Constructive Conversations About Development Process

What sort of conversations can you have with your organisation about software development practice and process? By which I mean not only – what do you talk about – but just as importantly, what do you bring to the conversation that affects how you frame the discussion, and how do you improve its chances of creating lasting change?

I’ve seen many missed opportunities at these sorts of conversations, in companies large and small. Every circumstance is different, but here’s one that seems to crop up a lot:

You’re a team or group working in a large organisation. You’re trying to change the way you develop software, but there are organisational structures and processes in place which govern how projects are started, managed, and run. As a committed agile/lean/kanban enthusiast, you’re certain that this is no way to run an army, but you’re not sure how to explain these new ways of working to your organisation, nor are you confident of being able to effect any immediate change either for your team and the way it works in relation to the rest of the company, or outside the scope of your team and its work.

It’s all to easy to rail against organisational structures that seem to you to be getting in the way of adopting a lean or agile approach.
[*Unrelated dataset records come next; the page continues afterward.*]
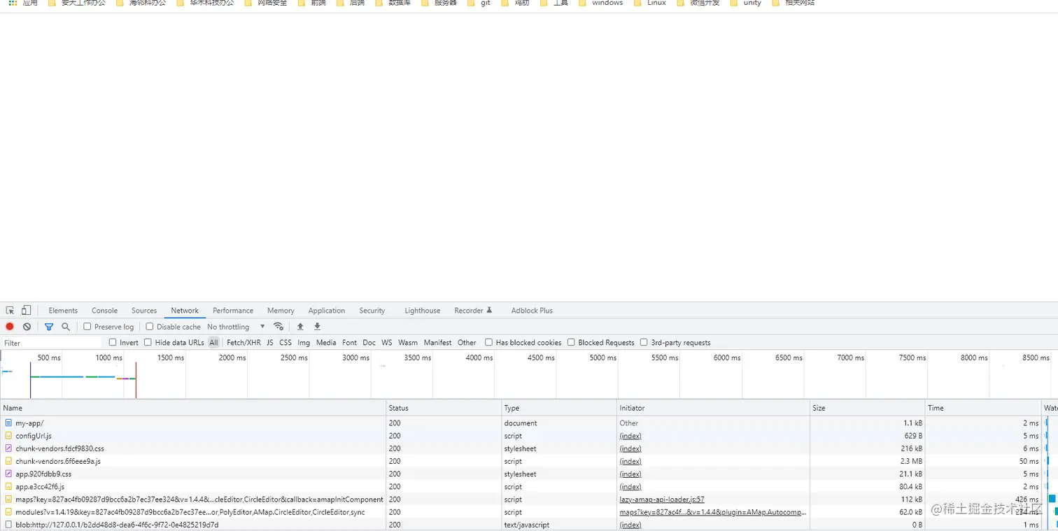 为了解决上面的问题我们可以把publicPath设置成相对路径./😊这样我们就不需要去管nginx部署在哪个目录下啦.👈。但是当我以为我要有所突破的时候测试部署的时候出现了这个问题控制台没有报错,页面。
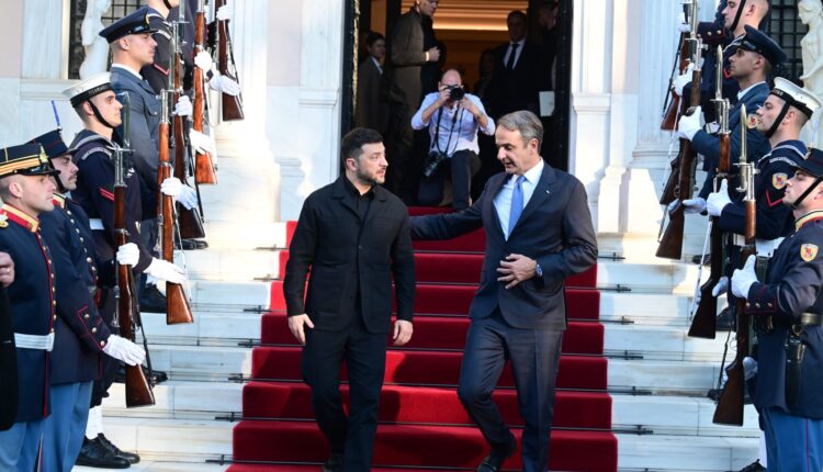 «Η Ουκρανία μπορεί να βασίζεται στη σταθερή στήριξη της Ελλάδας», τόνισε ο κ. Μητσοτάκης, με τον κ. Ζελένσκι να χαρακτηρίζει «πολύ σημαντική αυτή τη στήριξη, ειδικά στον δύσκολο χειμώνα που έρχεται».
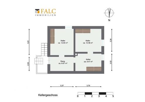 - Keller mit mehreren Räumen und Flur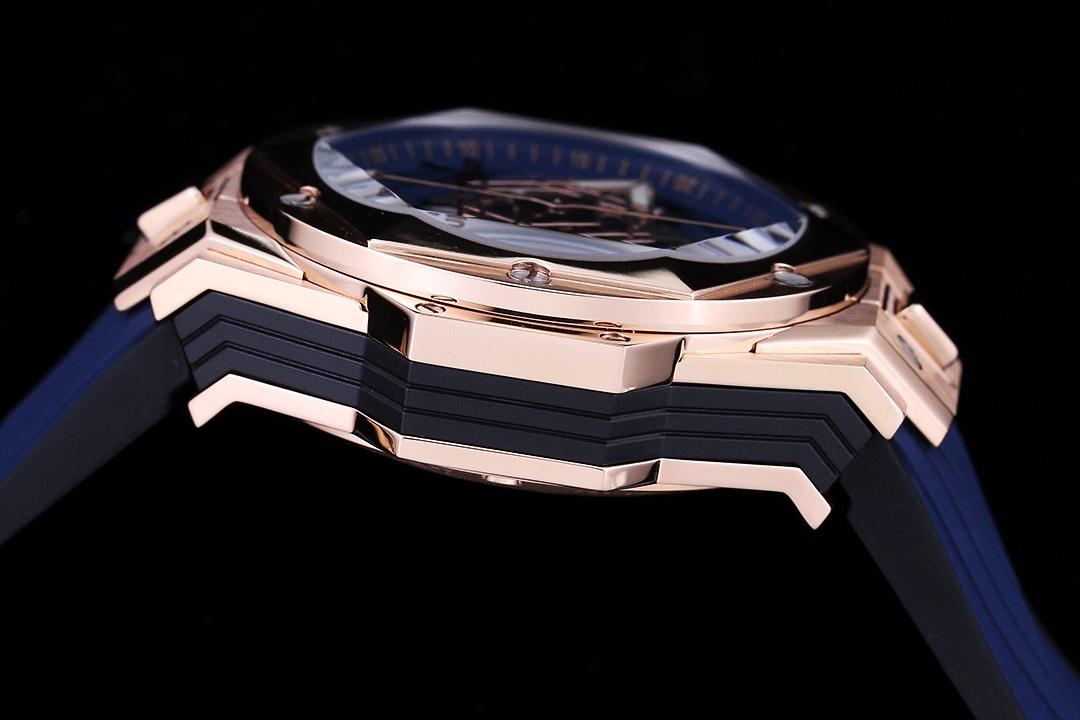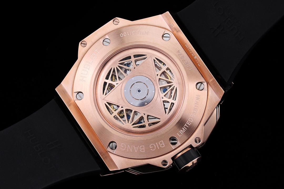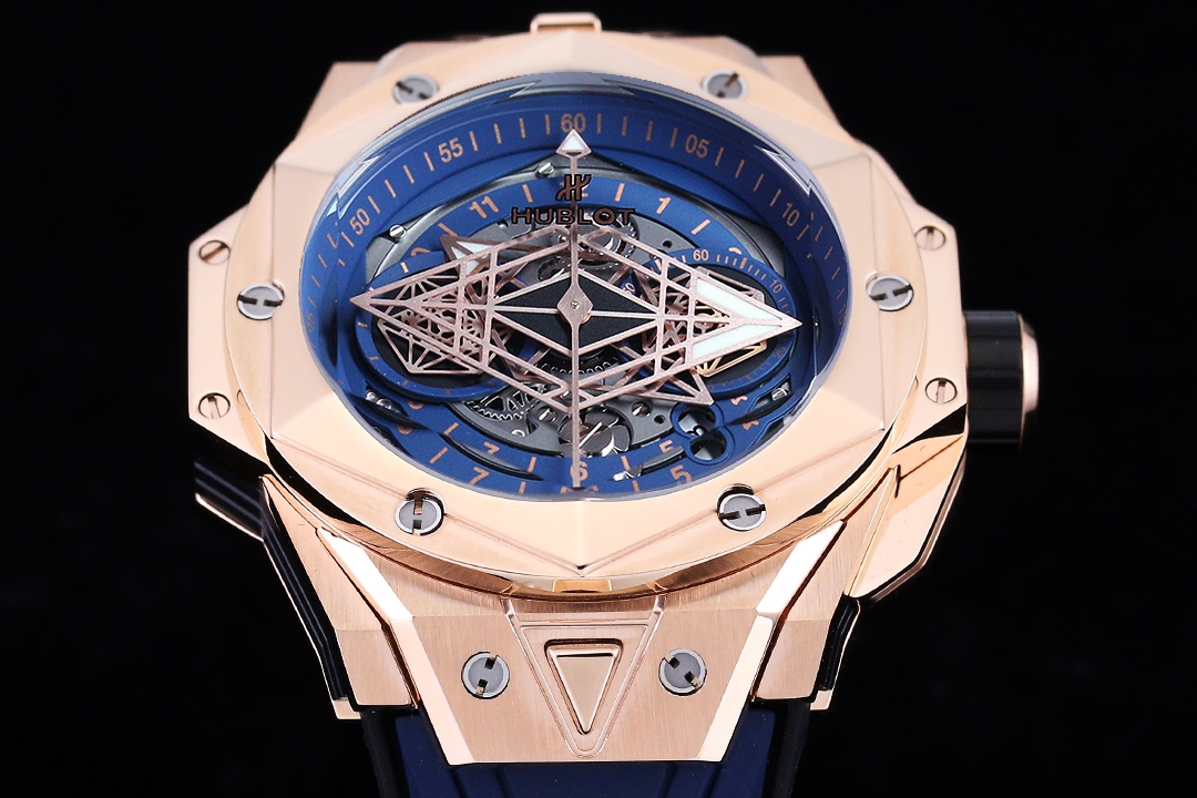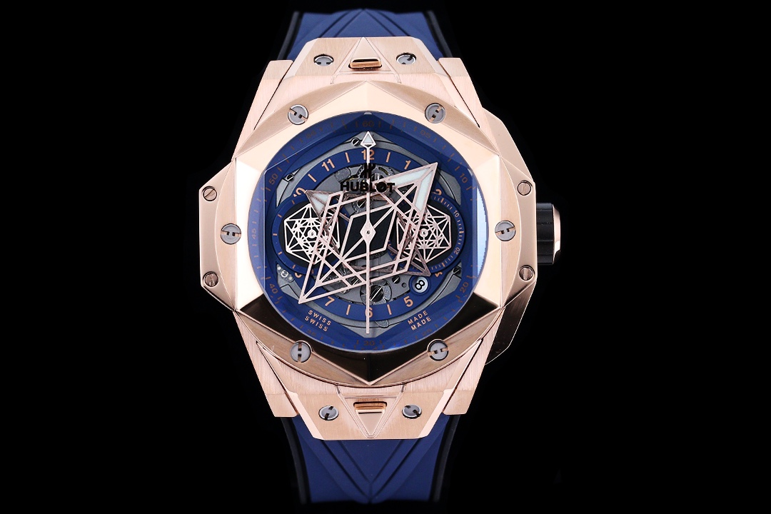 إليكم ساعة هوبلو بيغ بانغ سانغ بلو II بلو كينغ جولد يونيكو 45 مم، عمل فني يجسد الرقي والمهارة التقنية من هوبلو. الساعة المحدودة الإصدار محاطة بعلبة من الذهب الوردي بقطر 45 مم تتميز بتصاميم هندسية مقطوعة ومشكلة في الإطار السداسي. تؤمن ستة براغي من التيتانيوم على شكل حرف H الإطار، مما يجعل الساعة متينة ولكنها أنيقة المظهر. القرص رائع، مع عقارب الساعات والدقائق المزخرفة بأشكال ماسية، وقرص فرعي على شكل سداسي يخلق أنماطًا هندسية ديناميكية مع مرور الدقائق. تجلس الساعة على حزام مطاطي سريع الإطلاق، مصنوع من خطوط هندسية تخلق وهمًا بصريًا ثلاثي الأبعاد. مع حركة كرونوغراف أوتوماتيكية سويسرية من طراز 7750، تحتوي الساعة على ظهر علبة داخلي من التيتانيوم، وعقارب مصقولة مجوفة، وزجاج ياقوت متعدد الأوجه مقاوم للخدش وخفيف ومضاد للانعكاس، ومقاومة للماء حتى عمق 50 مترًا مع موثوقية يومية.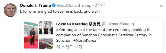 [서울=뉴시스] 오애리 기자 = 도널드 트럼프 미국 대통령이 사망설까지 돌았던 김정은 북한 국무위원장의 복귀에 환영 트윗을 날렸다.

The zeal with which the agile case is sometimes put, particularly by people with little experience outside software development, can generate resistance or incredulity. Conversations between agile evangelists in the technology organisation and experienced project managers might as well be conducted in two different languages, and serve only to lower understanding and respect.

I’m not going to tell you what points to make in favour of your new way of working, but here are some things to bear in mind about the conversation itself.

If you enter the field with the belief that everything the other person believes is wrong, you’re not going to have much of a conversation. Don’t forget the agile manifesto’s recognition that there is value in many of the things that characterise traditional approaches to projects. After all, if (as we’re often told) 70% of waterfall projects fail, then 30% succeed.

The person you’re talking to is likely to have had plenty of experience in what they do, and will often be more aware of the organisational big picture than you are. Program and product managers see projects from beginning to end, and often have to navigate the treacherous waters of long-term planning and corporate governance. Respect that experience, and learn from it. After all, why should they listen to you? (if you’re really lucky, this remains a rhetorical question).

What sort of relationship do you have with the person you’re trying to convince? And what sort of relationship would you like to have? Is this person going to be a collaborator? An ally? Or are you just needing to keep someone informed?

What is the goal of your conversation? It’s one thing to enter a discussion about running a single team’s development in the context of your organisations larger practices around planning, project and product management, it’s a very different thing to be involved in taking a whole group or organisation agile.

A conversation is always with a person, not with a set of ideals. Try to understand the individual’s motivation – are they individualistic or group oriented? Will they dare take a risk and pioneer new ideas, or is security and group belonging more important to them? For people who’ve progressed within and find safety within an existing organisational group and process, you won’t have much success in promoting radical notions of self-organisation, responsibility and entrepreneurship.

The beliefs and activities of traditional project management support a set of values. Don’t limit your polemic to the outward signs of the traditional approach. Before you wade in with the “agile is best” arguments, understand those values, and how the existing project/program management regime embodies them. For example, there’s nothing wrong with wanting to take account of and manage project risk: if you can talk to those values, understand how they’re expressed by current practice and convincingly demonstrate how what you’re doing embodies these values then you’ll stand a much better chance of creating genuine understanding.

Some sources: I’ve been impressed with the Harvard Negotiation Project’s books: Getting to Yes, Getting Past No, and Difficult Conversations are all classics, and should be on the bookshelf of anyone who needs to communicate as part of their work and life (that’s all of us, isn’t it?). Robert Kegan and Lisa Lahey’s How the Way We Talk Can Change the Way We Work is the best sustained reflection I know on getting beyond the obvious in conversation to uncover values and motivate real change.

(Thanks to David Joyce for a question in advance of a CATeams Clinic for prompting these musings)

2 Responses to “Constructive Conversations About Development Process”

  • Vasco Duarte responded:

    Good article. Just bought Kegan’s and Lahey’s book :) I had read Getting to Yes, and I think it is a good read. Would recommend it to anyone that is trying to change anything around them.

    However, I think we need more understanding of how to engage the “other side”. Too often it is the other side that exhibits the signs you described. Just check my blog posts about PMI to see a few examples.

    But most importantly, when trying to bring Agile to your organization (especially PMO’s): beware of silent resistance, that does not show as confrontation but it can be as destructive as “loud” resistance.

  • David responded:

    Thanks Vasco. Indeed, it takes two to have a conversation, and as you point out it’s not uncommon to meet stubbornness, unwillingness to hear new ideas, fear of change, indifference, or silent resistance. But I’ve found that approaching conversations in the right way increases the chance of being able to influence and change these behaviours. It won’t always be the case, of course, but if you don’t get anywhere, you can at least console yourself with the satisfaction of claiming the moral high ground.